# Activity
Repeat the entries below exactly as they appear, with no pictures.

# Working data
================

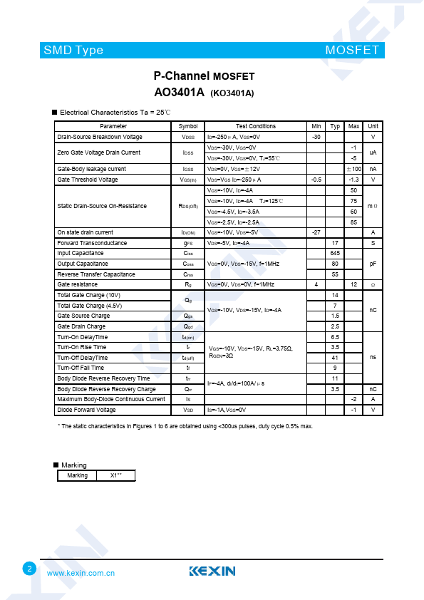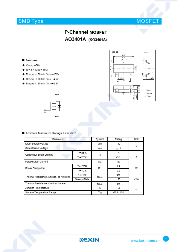 ● VDS (V) =-30V ● ID =-4 A (VGS =-10V) ● RDS(ON) < 50mΩ (VGS =-10V) ● RDS(ON) < 60mΩ (VGS =-4.5V) ● RDS(ON) < 85mΩ (VGS =-2.5V)
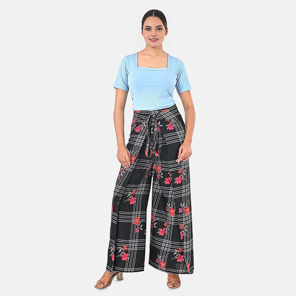 Black Floral Printed Boho Wrap Pants - One Size Fits Most
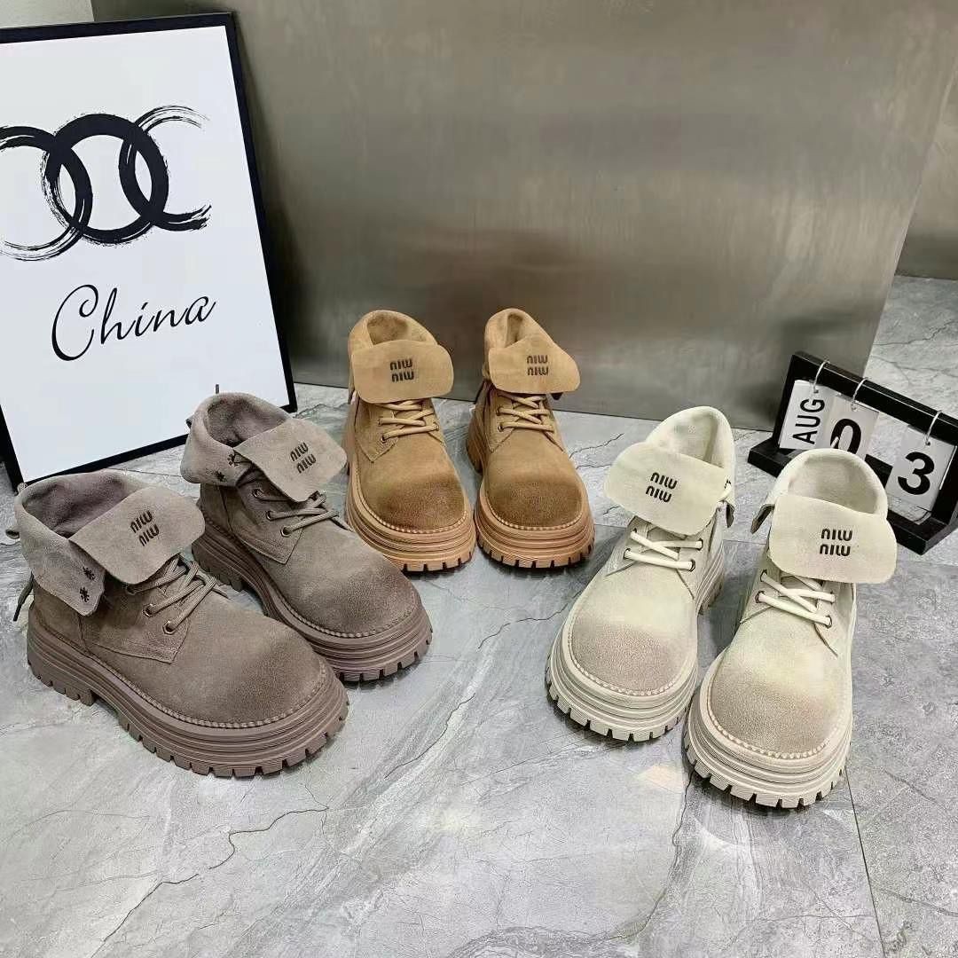 White Deer's Same Style Boots for Women in Autum New Outdoor Hiking and Mountaineering Rhubarb Boots First Layer Pigskin Work Boots for Women
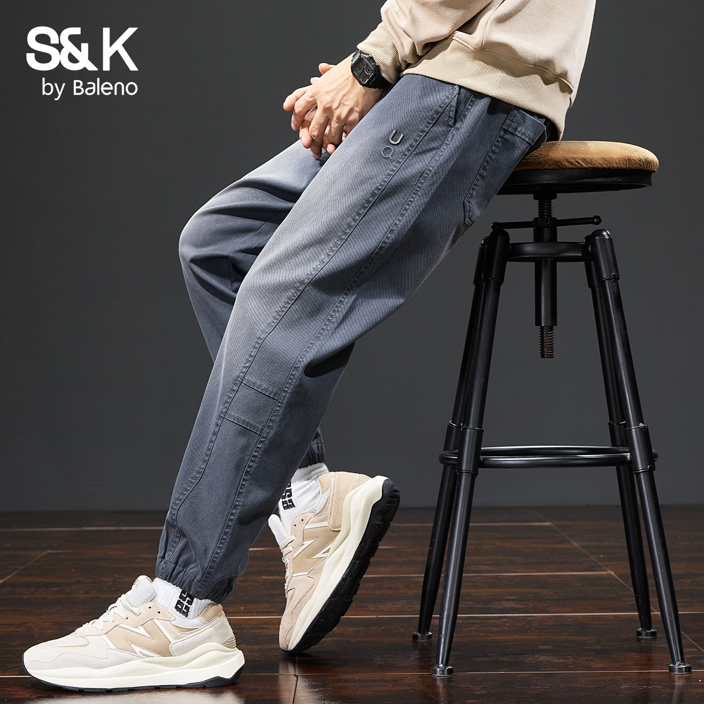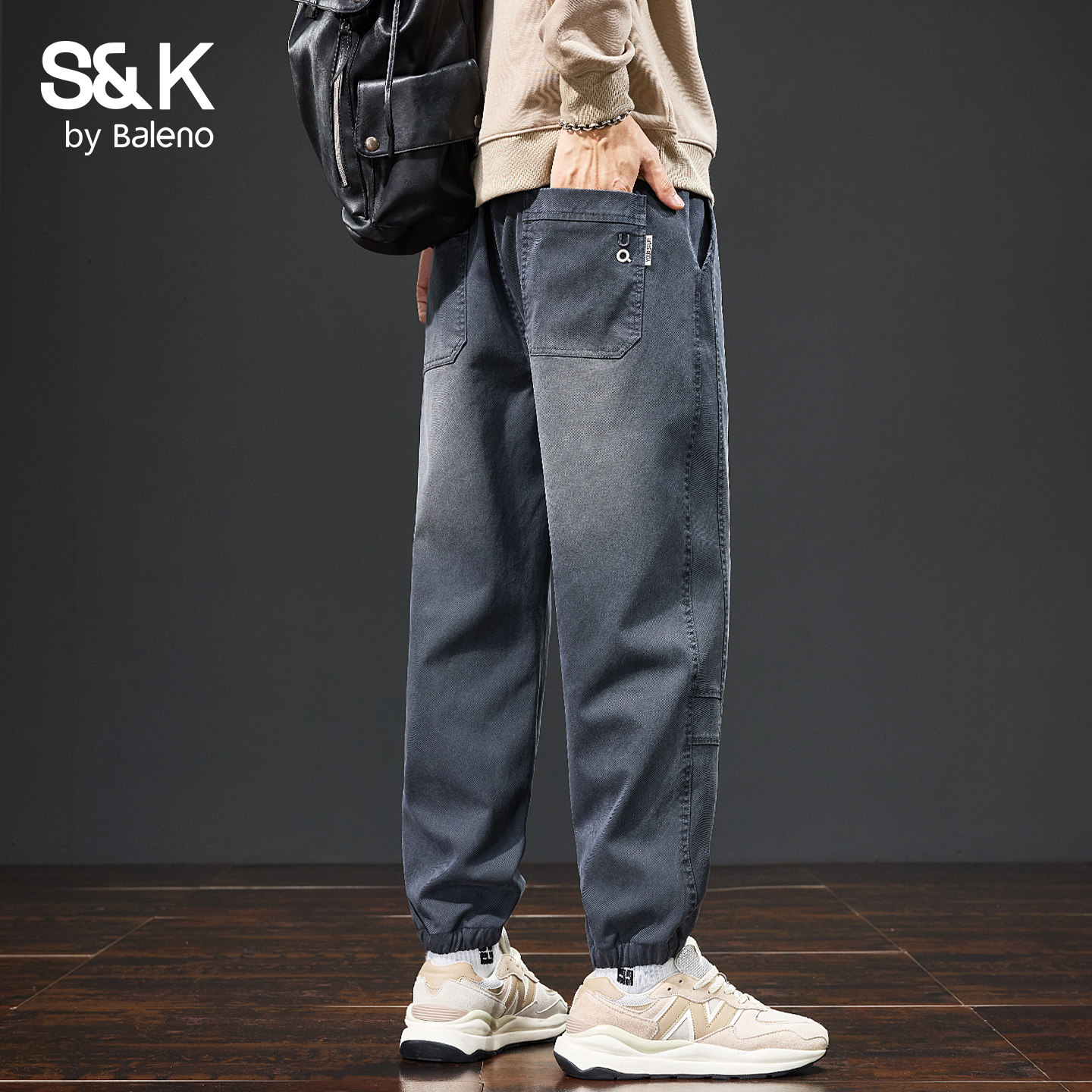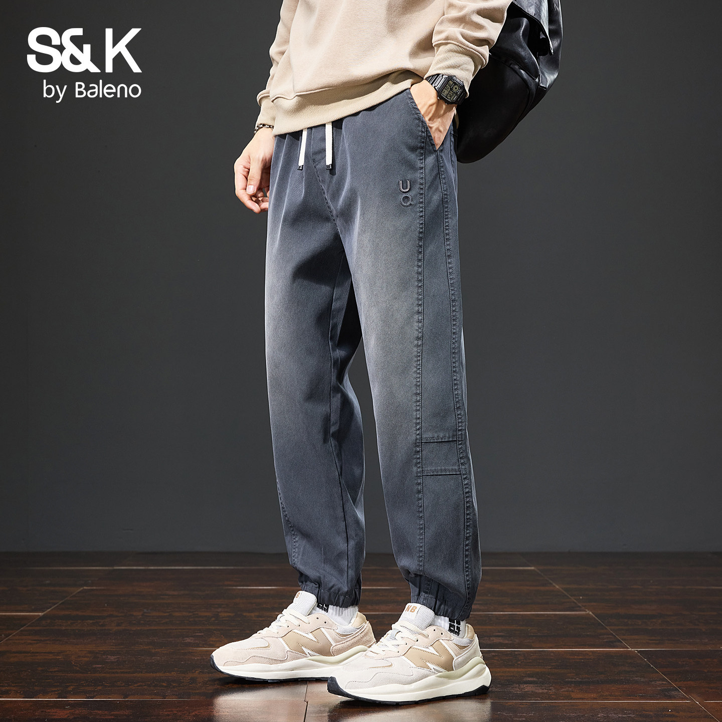 班尼路SK潮牌仿牛仔休闲裤男士秋季百搭时尚抽绳束脚运动九分裤YS
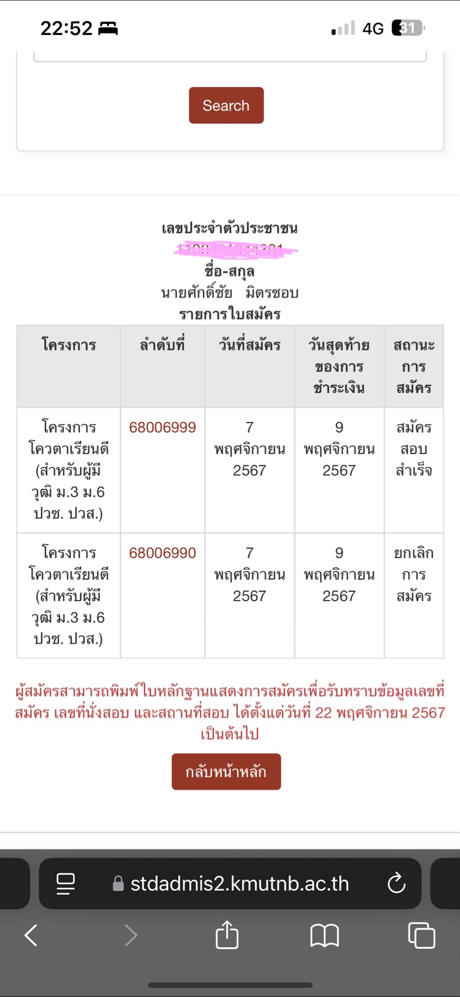 สอบถามหน่อยครับ ทำไมของผมไม่ขึ้นเหมือนของเพื่อนหรอครับ ของผมคือศักดิ์ชัย มิตรชอบ ทำไมของผมไม่ขึ้นเหมือนของเพื่อนแต่ว่าการสมัครในครั้งแรก ผมสมัครเสร็จแล้วแต่ยังไม่ได้โอนตังเพราะว่าผมใส่ข้อมูลผิดเลยยกดลิกการสมัครในครั้งแรก แล้วผมก็สมัครครั้งที่ 2 ในวันเดียวกันกับที่สมัครครั้งแรก ในครั้งที่ 2 ผมจ่ายเงินเรียบร้อยแล้วด้วยครับ ทำเสร็จแล้วทุกขั้นตอน
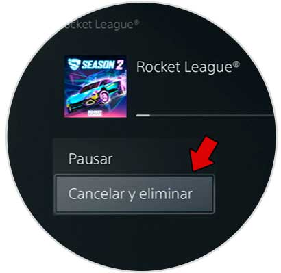 Vamos a cancelar la descarga en curso. Para ello pulsa sobre ella y elige “Cancelar y eliminar”.
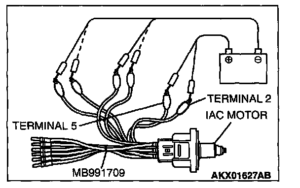 2. Connect special tool MB991709 to the idle air control motor. (All terminals should be connected.)

================

# Answer to this task
 ● VDS (V) =-30V ● ID =-4 A (VGS =-10V) ● RDS(ON) < 50mΩ (VGS =-10V) ● RDS(ON) < 60mΩ (VGS =-4.5V) ● RDS(ON) < 85mΩ (VGS =-2.5V)
 Black Floral Printed Boho Wrap Pants - One Size Fits Most
 White Deer's Same Style Boots for Women in Autum New Outdoor Hiking and Mountaineering Rhubarb Boots First Layer Pigskin Work Boots for Women
 班尼路SK潮牌仿牛仔休闲裤男士秋季百搭时尚抽绳束脚运动九分裤YS
 สอบถามหน่อยครับ ทำไมของผมไม่ขึ้นเหมือนของเพื่อนหรอครับ ของผมคือศักดิ์ชัย มิตรชอบ ทำไมของผมไม่ขึ้นเหมือนของเพื่อนแต่ว่าการสมัครในครั้งแรก ผมสมัครเสร็จแล้วแต่ยังไม่ได้โอนตังเพราะว่าผมใส่ข้อมูลผิดเลยยกดลิกการสมัครในครั้งแรก แล้วผมก็สมัครครั้งที่ 2 ในวันเดียวกันกับที่สมัครครั้งแรก ในครั้งที่ 2 ผมจ่ายเงินเรียบร้อยแล้วด้วยครับ ทำเสร็จแล้วทุกขั้นตอน
 Vamos a cancelar la descarga en curso. Para ello pulsa sobre ella y elige “Cancelar y eliminar”.
 2. Connect special tool MB991709 to the idle air control motor. (All terminals should be connected.)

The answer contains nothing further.